Notes from underground

يارب يسوع المسيح ابن اللّه الحيّ إرحمني أنا الخاطئ

Archive for the tag “public transport”

Why I went off the Gautrain

When the Gautrain first began running between Pretoria and Johannesburg, I was very impressed by it, and thought it was the best way of travelling. It was fast, convenient, comfortable and reasonably priced. It saved the hassle of driving in traffic.

Gautrain at Hatfield station, Pretoria, July 2014

Gautrain at Hatfield station, Pretoria, July 2014

So if I had to attend a meeting in Johannesburg, and the venue was accessible from a Gautrain station, I took the train in preference to driving. This was particularly useful in the December holiday season, 15 December to 15 January, when the price of the buses and parking were reduced.

But then I began to notice that it was always costing me more than I thought it did. I would put enough money in the card to cover the cost of my trip and a bit more, so that the next time I rode on the train I could pay when I got off the train rather than when I got on. But when leaving the parking garage, the machine briefly flashed the remaining balance, which was always lower than I expected.

Eventually I got a printout of my last few journeys, and noticed that there was an extra R20 being added to the cost of every journey. The fare between Hatfield and Rosebank is advertised as about R49 in off-peak periods, but it actually cost R69.00, because  of the extra R20.00 being added every time. The reason for this extra charge is not explained in the fare tables.
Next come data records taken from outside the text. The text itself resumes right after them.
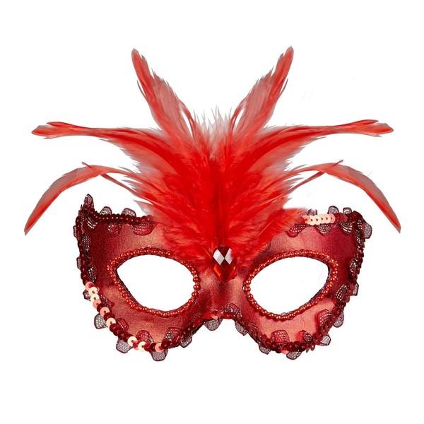 - The red feathers combined with the sequins make this mask and therefore also the wearer an eye-catcher at any party
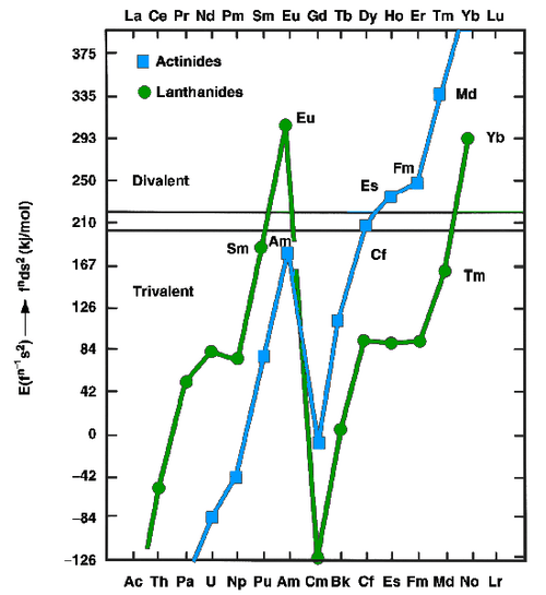 - ↑ Hulet, E. K. (1980). «Capítulo 12. Química de los actínidos más pesados: Fermium, Mendelevium, Nobelium, and Lawrencium». En Edelstein, Norman M., ed. Química y Espectroscopia de los Actínidos y de los Pantánidos. Simposio de la ACS 131. pp. 239-263. ISBN 9780841205680. doi:10.1021/bk-1980-0131.ch012.
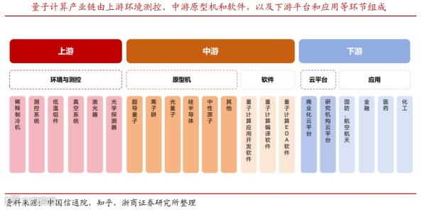 量子计算产业链可分为上游、中游和下游三个核心环节,各环节技术特点:
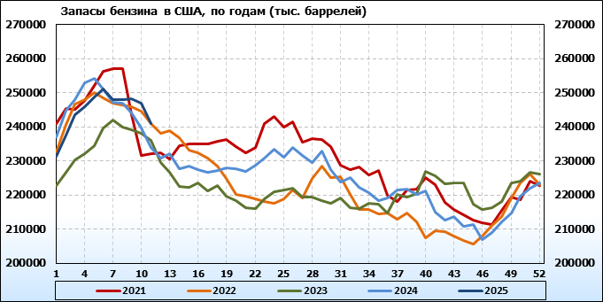 Коммерческие запасы нефти в США выросли на 1.448 до 435.223 млн. баррелей, при прогнозе +2.1 млн. баррелей. Запасы бензина упали на -5.737 до 241.101 млн. баррелей. Запасы дистиллятов упали на -1.559 до 117.595 млн. баррелей. Запасы в хранилище Кушинг упали на -1.228 до 24.469 млн. баррелей.
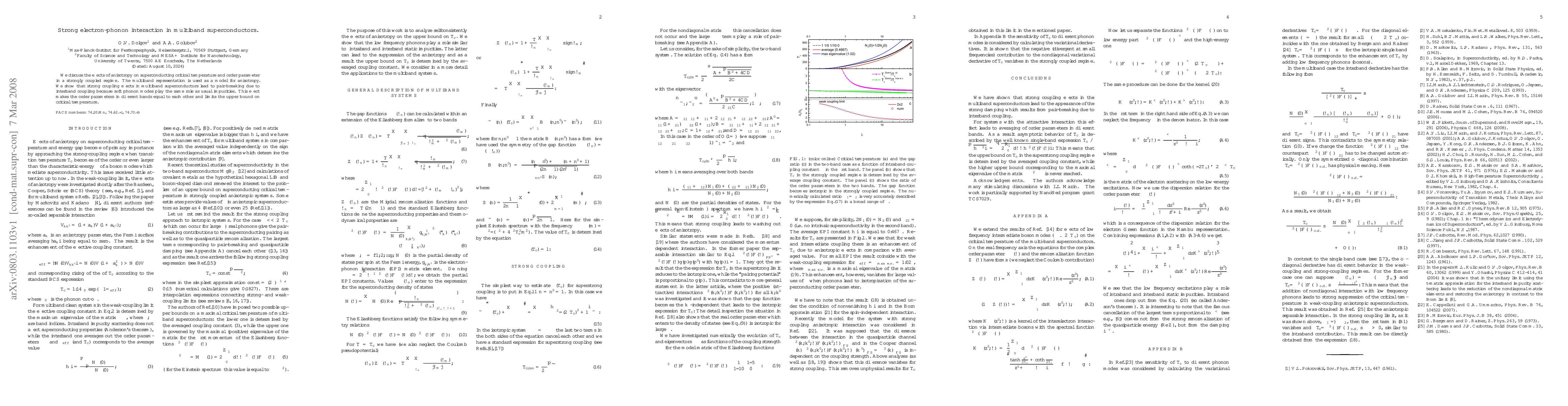 Summary: This paper investigates the impact of anisotropy on superconducting critical temperature and order parameter in multiband superconductors, revealing that strong electron-phonon interactions lead to pair-breaking due to interband coupling, equalizing order parameters and limiting the critical temperature.
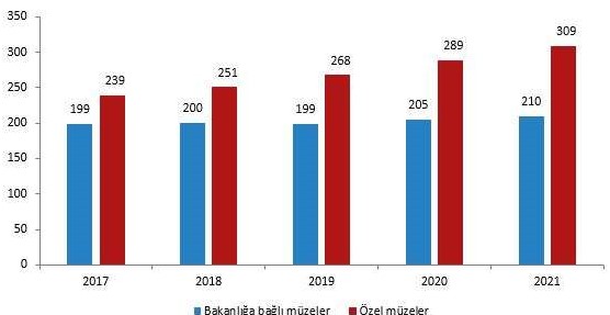 Türkiye İstatistik Kurumu (TÜİK) tarafından yapılan açıklamaya göre, müze sayısı 2021 yılında 2020 yılına göre %5,1 artarak 519 oldu. Müzelerin 210 tanesi Kültür ve Turizm Bakanlığı bünyesinde, 309 tanesi ise özel müze kategorisinde yer aldı. Ören yeri sayısı ise 143 oldu.
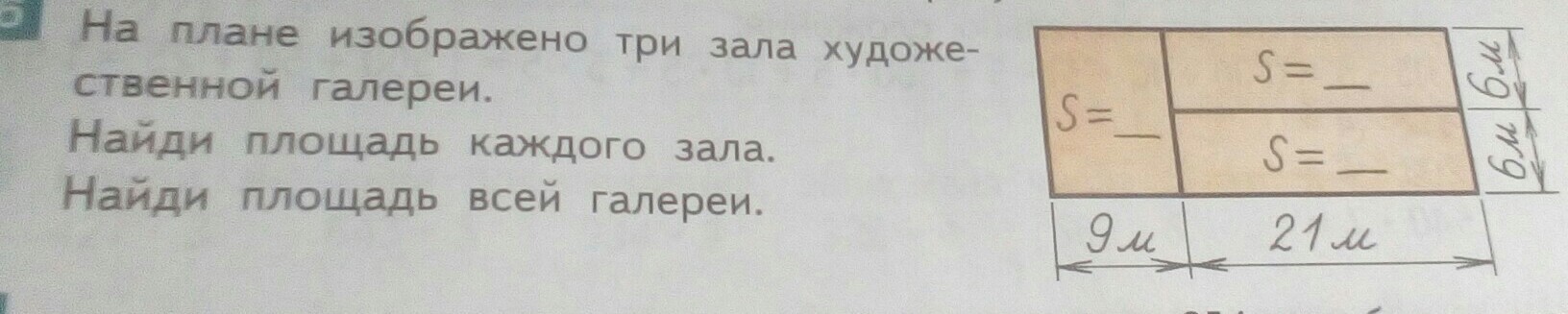 На плане изображено три зала художественной галерее. Найди площадь каждого зала. Найди площадь всей галереи.
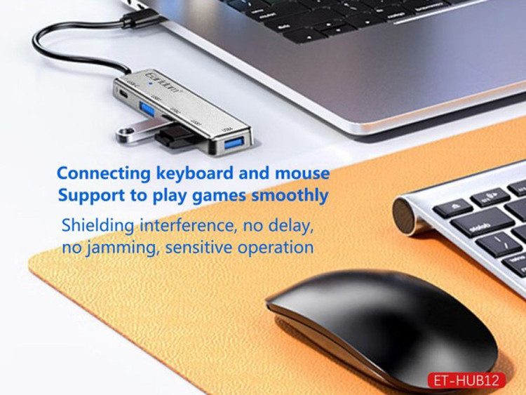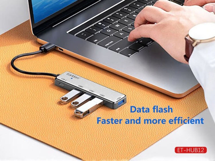 هاب یو اس بی ET-HUB12 از ABS و آلیاژ آلومنیوم به رنگ خاکستری ساخته شده و 4 درگاه از نوع USB 2.0 به همراه یک ورودی USB C در کناره های آن تعبیه شده است. این گجت قادر است داده ها را روی درگاه USB 2.0 با حداکثر سرعت 480 مگابیت بر ثانیه جابجا کند. این باعث می شود انتقال فایل های بزرگ کار بسیار لذت بخش برای شما باشد. در یک سوی دستگاه یک کابل با کانکتور تایپ A مقاوم از جنس PVC برای اتصال هاب به درگاه USB در نظر گرفته شده که طولی معادل 30 سانتی متر دارد. قرار گرفتن درگاه ها در کناره ها باعث شده اتصال لوازم جانبی بدون تداخل و به راحتی امکانپذیر باشد.

So the last time I needed to travel to a meeting in Johannesburg, I added up the fares, parking charges, bus fares, and the extra R40.00, and it came to R160.00, and that didn’t look reasonable at all. I decided to go by car instead. The distance by car is 60 km, 120 km return. The cost of the petrol for such a trip is about R100.00. So without the extra R40.00 charged on the Gautrain, the fare at R120.00 might be competitive, considering wear and tear on the car and the driver. But R160.00 is not competitive at all, and if there is even only one other person travelling, travelling by car wins hands down.
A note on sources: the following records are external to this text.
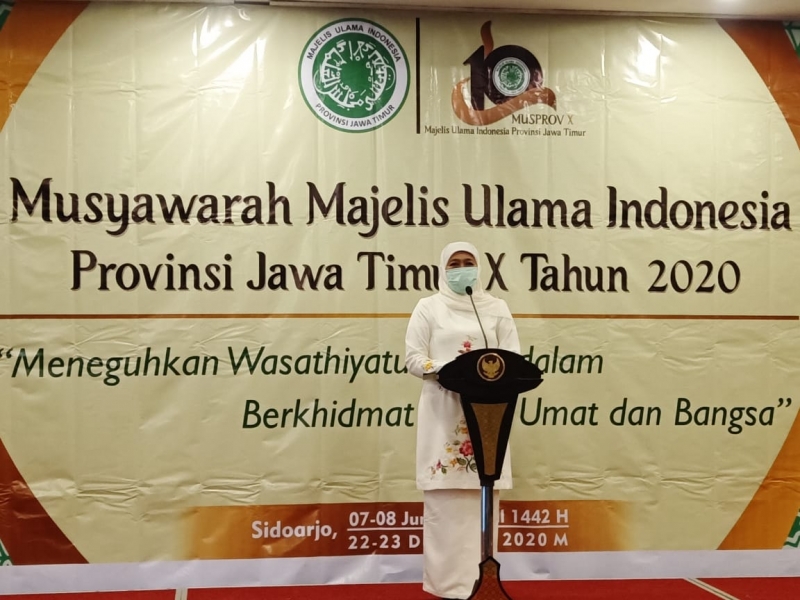 “Selamat, selamat” ucap Khofifah, usai Pembukaan Musyawarah Majelis Ulama Indonesia (MUI) Provinsi Jawa Timur X tahun 2020, di Sidoarjo, Selasa (22/12/2020).
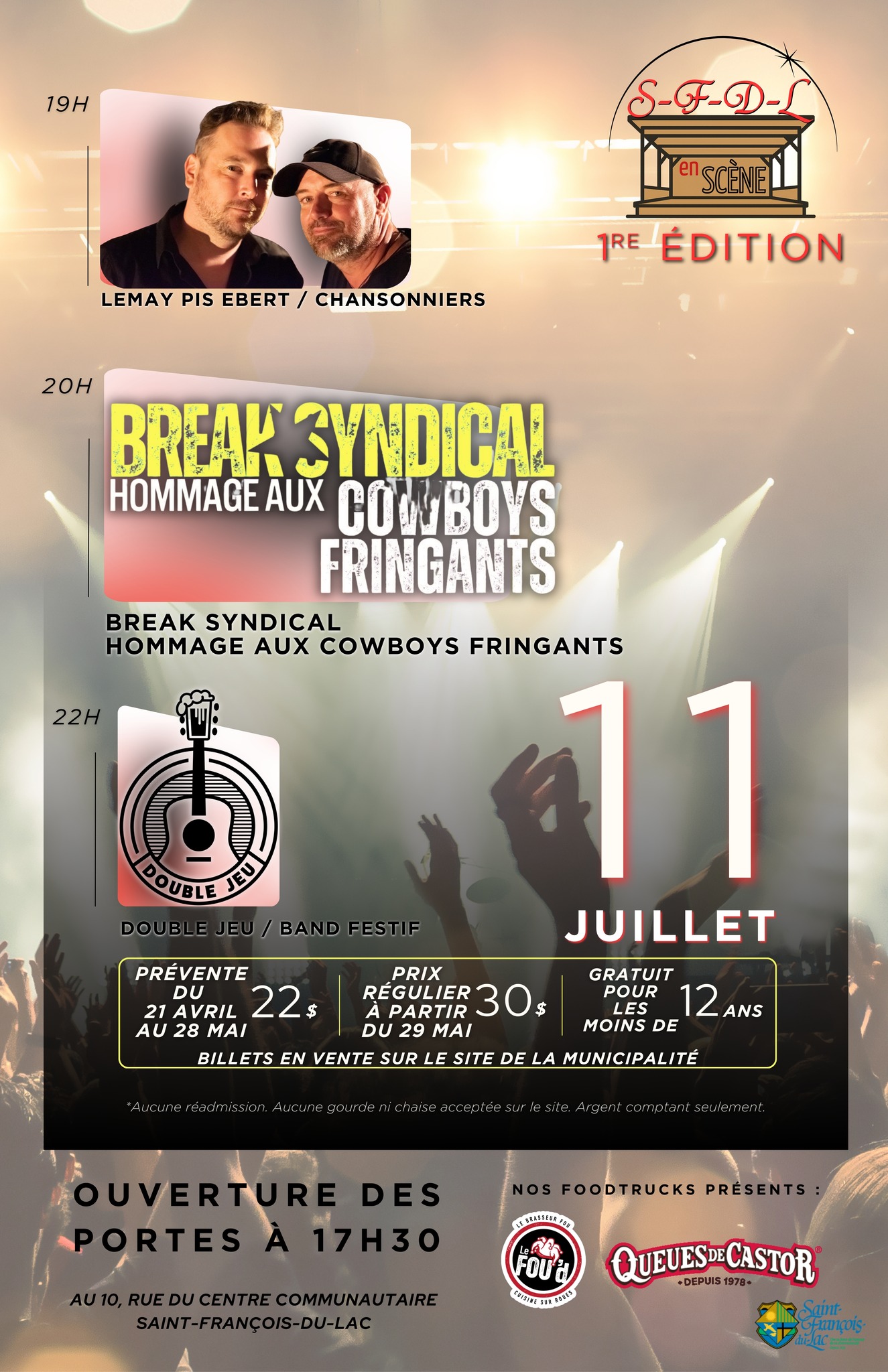 Ce vendredi, 11 juillet 2025, dès 17h30, la Municipalité de Saint-François-du-Lac vous invite à sa toute première édition estivale de S-F-D-L en scène !
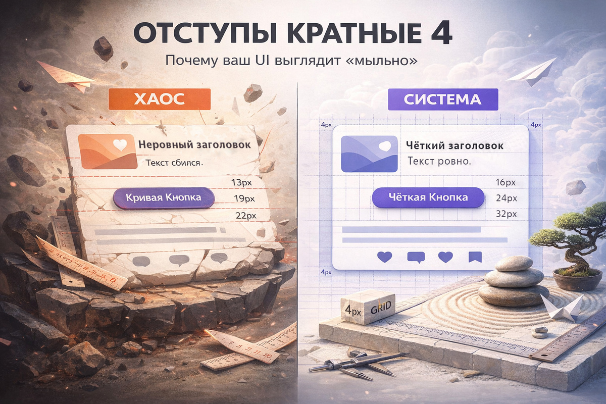 Большинство экранов и CSS-систем живут в 4px / 8px логике: 4 px — минимальный атом, меньше шум. Ты не видишь проблему — но мозг её чувствует. Если дизайнер ставит «рандомные» отступы: программист получает: margin: 13px 17px 22px 19px; Если всё кратно 4: margin: 16px 24px; Если завтра: кратные 4 масштабируются, а случайные — ломаются. 4 | 8 | 12 | 16 | 24 | 32 | 40 | 48 | 64 (но 4px остаётся атомом) 8 — мелкие отступы

One of the aims of introducing the Gautrain was to get cars off the overcrowded roads, but at those prices, there is no incentive.

Gautrain

The wheels on the bus go round and round

Apart from anything else, I hate travelling on buses with painted-over windows like this.

Wildrose campaign bus raises eyebrows – CBC News:

Alberta’s Wildrose Party confirmed that the questionable placement of party Leader Danielle Smith’s photo on the campaign bus will be changed.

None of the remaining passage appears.